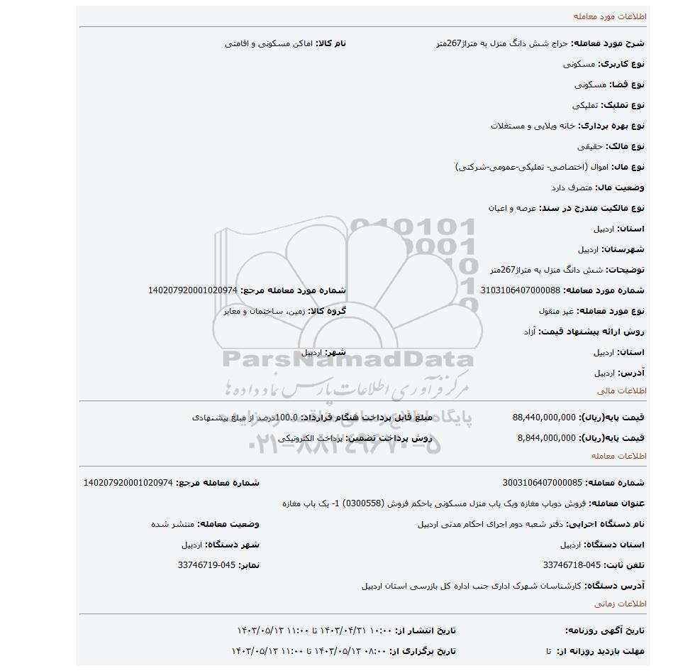 شماره مورد معامله: 3103106407000088 | شماره مورد معامله مرجع: 140207920001020974 | |
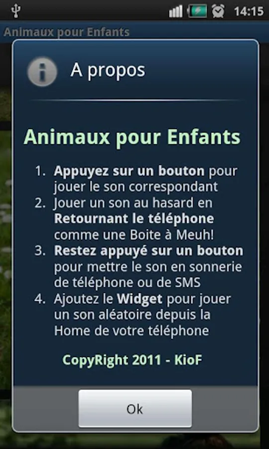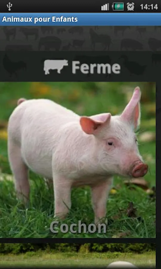 Discover the animals and learn through images, sounds and words. This application allows to discover animals through very beautiful pictures and great sounds.
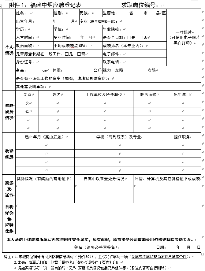1. 福建中烟应聘登记表
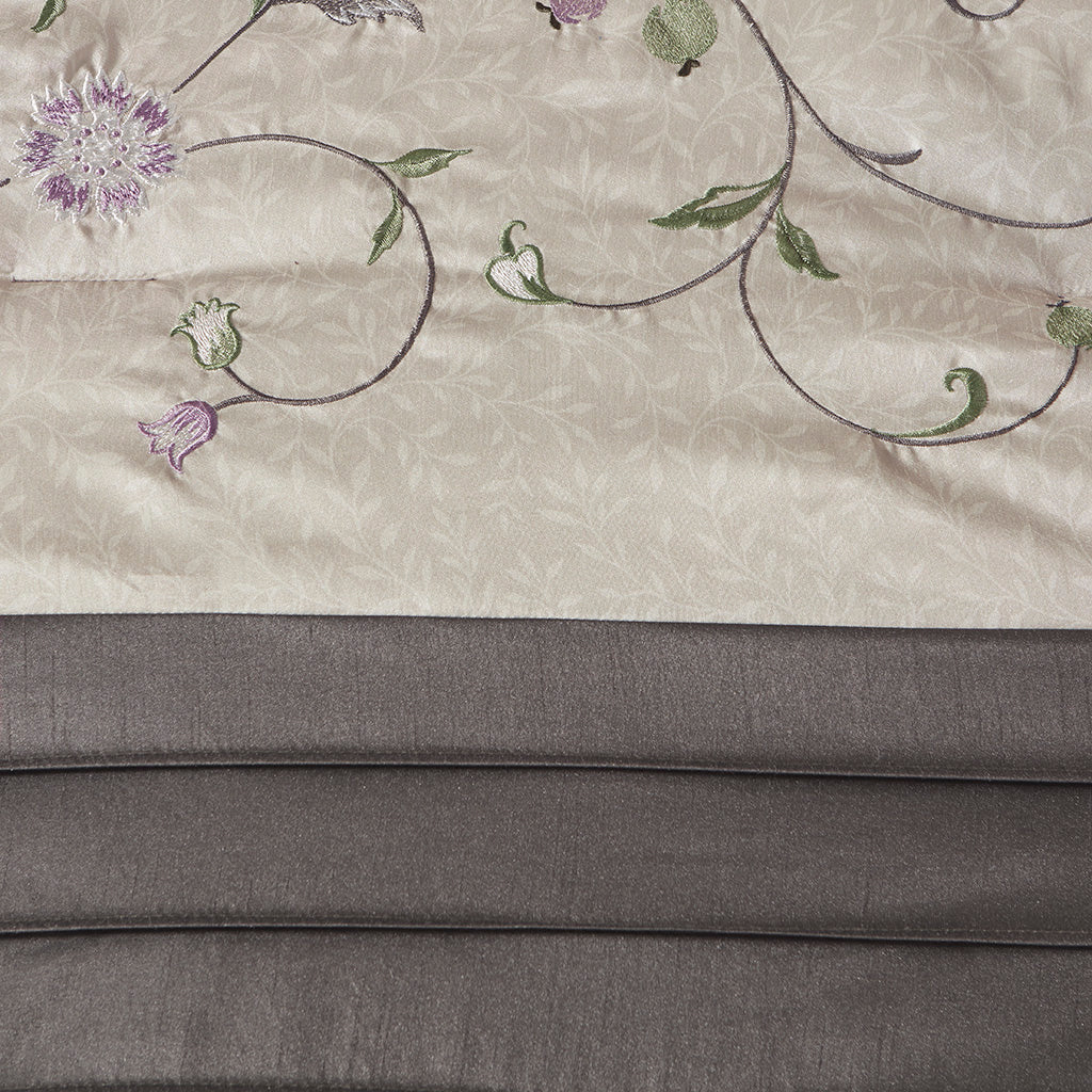 Elevate your bedroom with the Serene Bedding Collection — a refined 7-piece comforter set that blends contemporary color-blocking with delicate embroidery for a cohesive, polished look. Lustrous polyester dupioni fabric gives the comforter and shams a subtle sheen that catches light, while embroidered floral detailing and coordinated decorative pillows add texture and visual interest for an inviting, finished aesthetic.
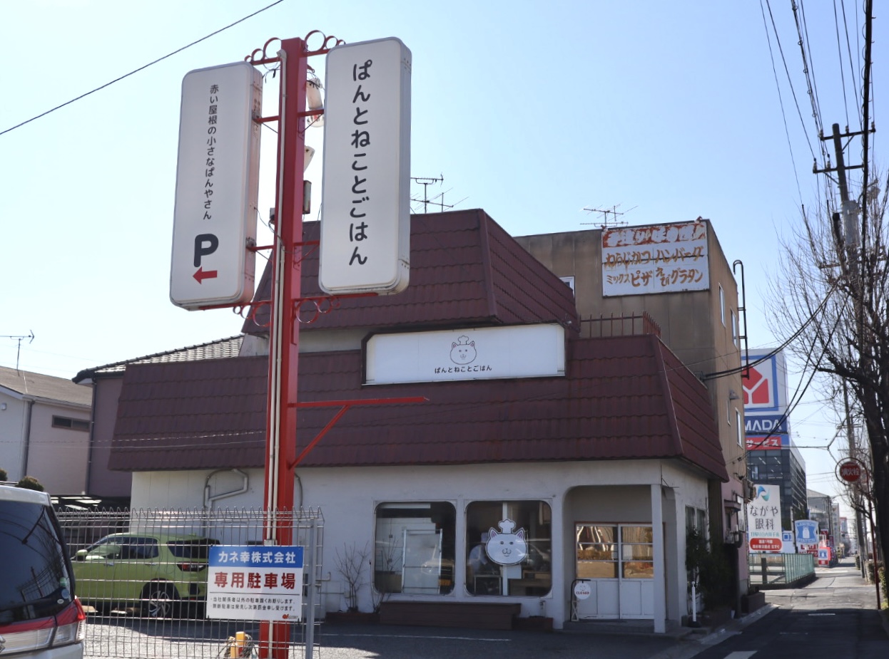 ゆるい猫のイラストと赤い屋根が目印の「ぱんとねことごはん」さん。
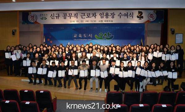 오산시(시장 곽상욱)는 지난 2일 신규 공무직 근로자 104명에게 임용장을 수여하고 기본 직무교육을 실시하였다고 밝혔다.
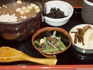 ![]() お昼は大和の茶がゆ。 烏龍茶漬けから塩気が抜けたような 斑鳩の質素を思わす素朴な味。 添え物と一緒に食べると美味しい。 浮いてるのは揚げ玉ときな粉。 |
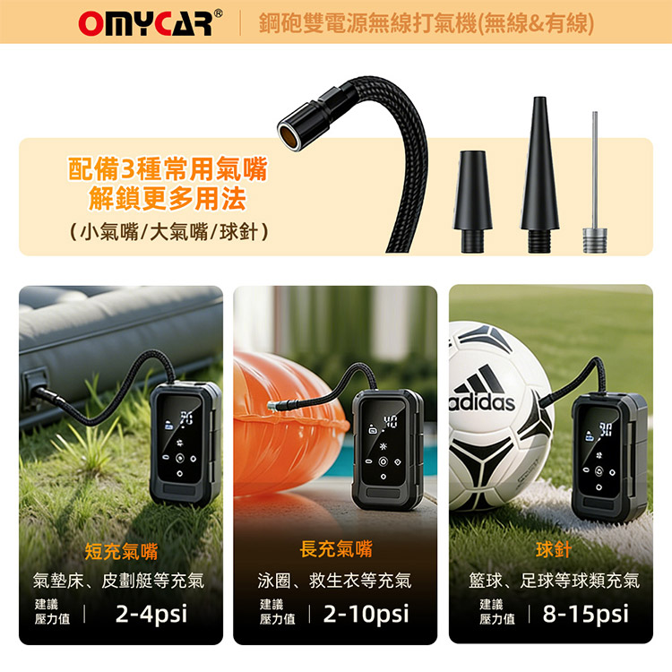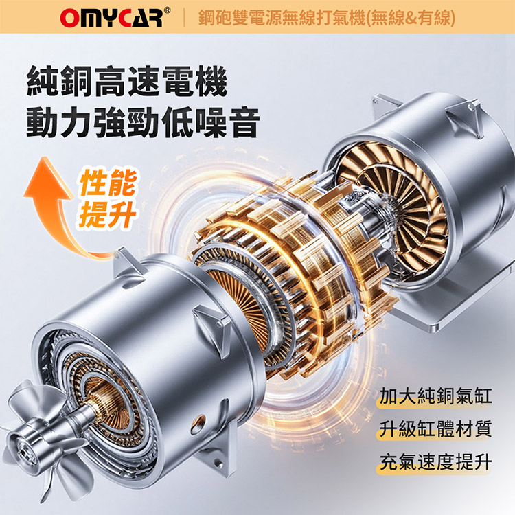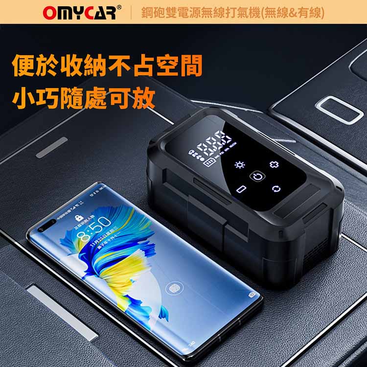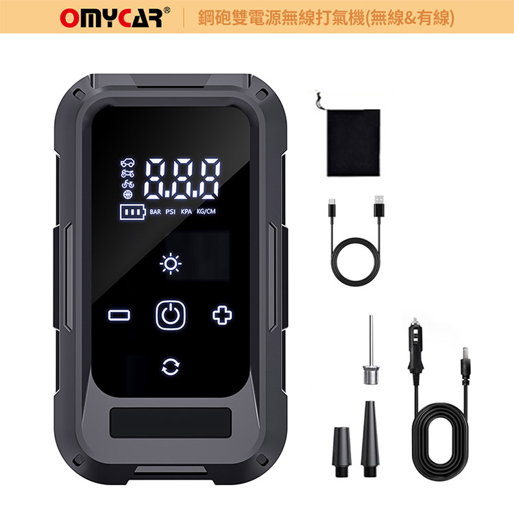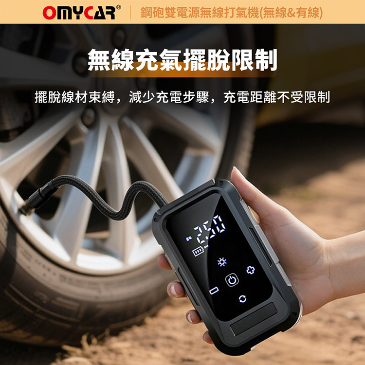【OMyCar】鋼砲雙電源無線打氣機(無線&有線)一年保固 (汽車打氣機 輪胎打氣機 胎壓檢測)
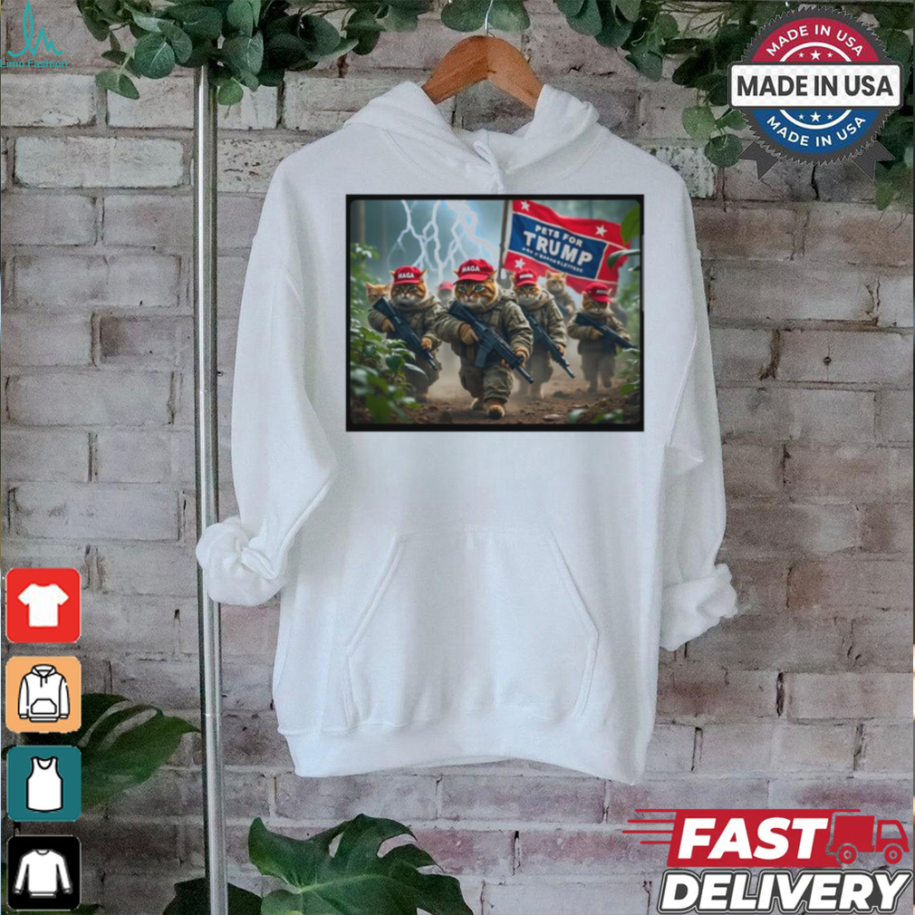 I thought she wanted water. She was Pets For Trump Cats MAGA Poster t shirt me like she does when she wants water. And doing the same to my mom. She was going back and forth from room to room yowling and scratching at us. My mom finally woke up. She felt shaky. Then she saw the blood. She barely had enough strength to yell out for me and I woke instantly.
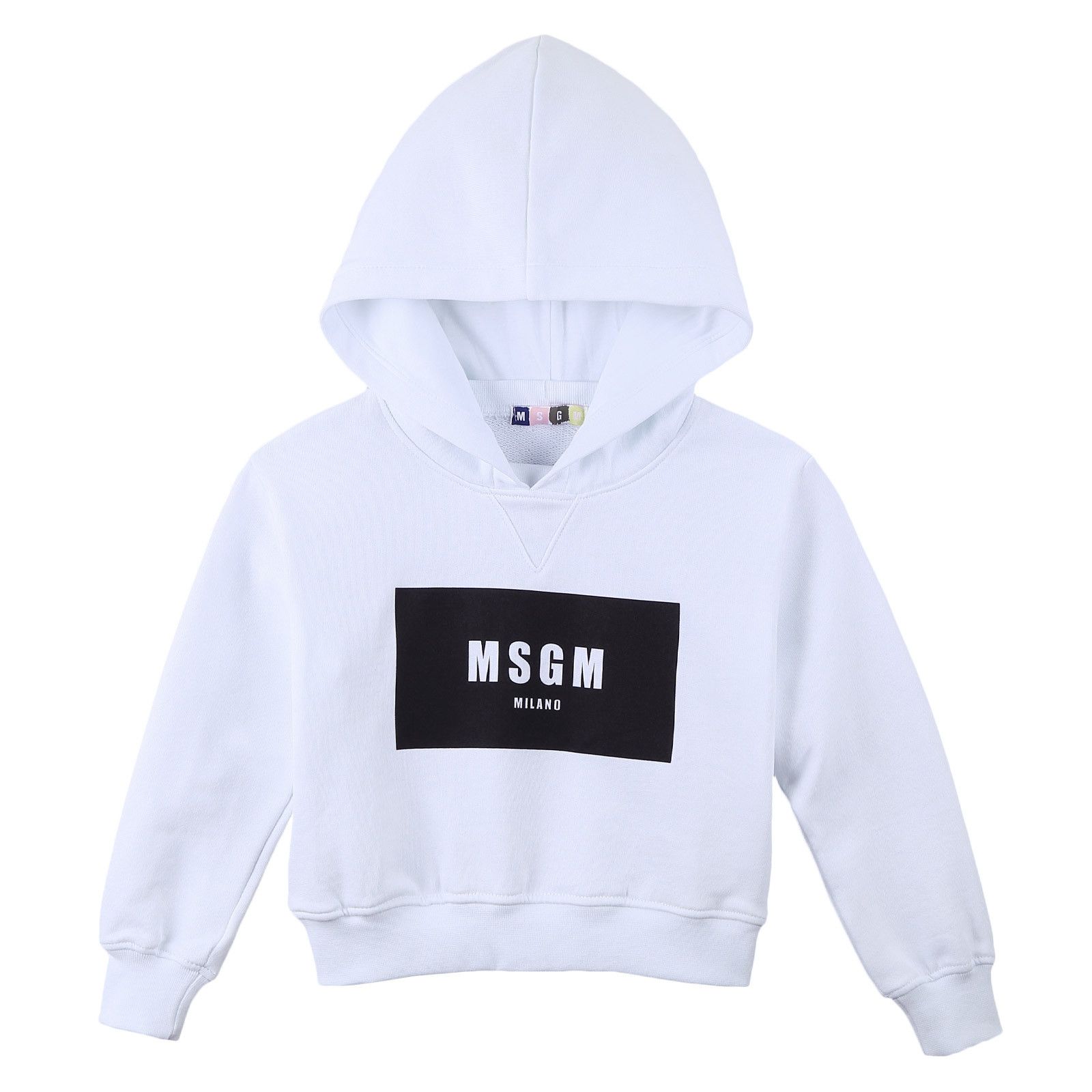 Girls White Cotton Hooded Sweater With Brand Name Logo
⁂
• _Exercise objective_
Everything from the line containing "ゆるい猫のイラストと赤い屋根が目印の「ぱんとねことごはん」さん。" to the last line of the listing above is to be written out exactly, except the pictures, and nothing else.

• _Response for this exercise_
 ゆるい猫のイラストと赤い屋根が目印の「ぱんとねことごはん」さん。
 오산시(시장 곽상욱)는 지난 2일 신규 공무직 근로자 104명에게 임용장을 수여하고 기본 직무교육을 실시하였다고 밝혔다.
 ![]() お昼は大和の茶がゆ。 烏龍茶漬けから塩気が抜けたような 斑鳩の質素を思わす素朴な味。 添え物と一緒に食べると美味しい。 浮いてるのは揚げ玉ときな粉。 |
【OMyCar】鋼砲雙電源無線打氣機(無線&有線)一年保固 (汽車打氣機 輪胎打氣機 胎壓檢測)
 I thought she wanted water. She was Pets For Trump Cats MAGA Poster t shirt me like she does when she wants water. And doing the same to my mom. She was going back and forth from room to room yowling and scratching at us. My mom finally woke up. She felt shaky. Then she saw the blood. She barely had enough strength to yell out for me and I woke instantly.
 Girls White Cotton Hooded Sweater With Brand Name Logo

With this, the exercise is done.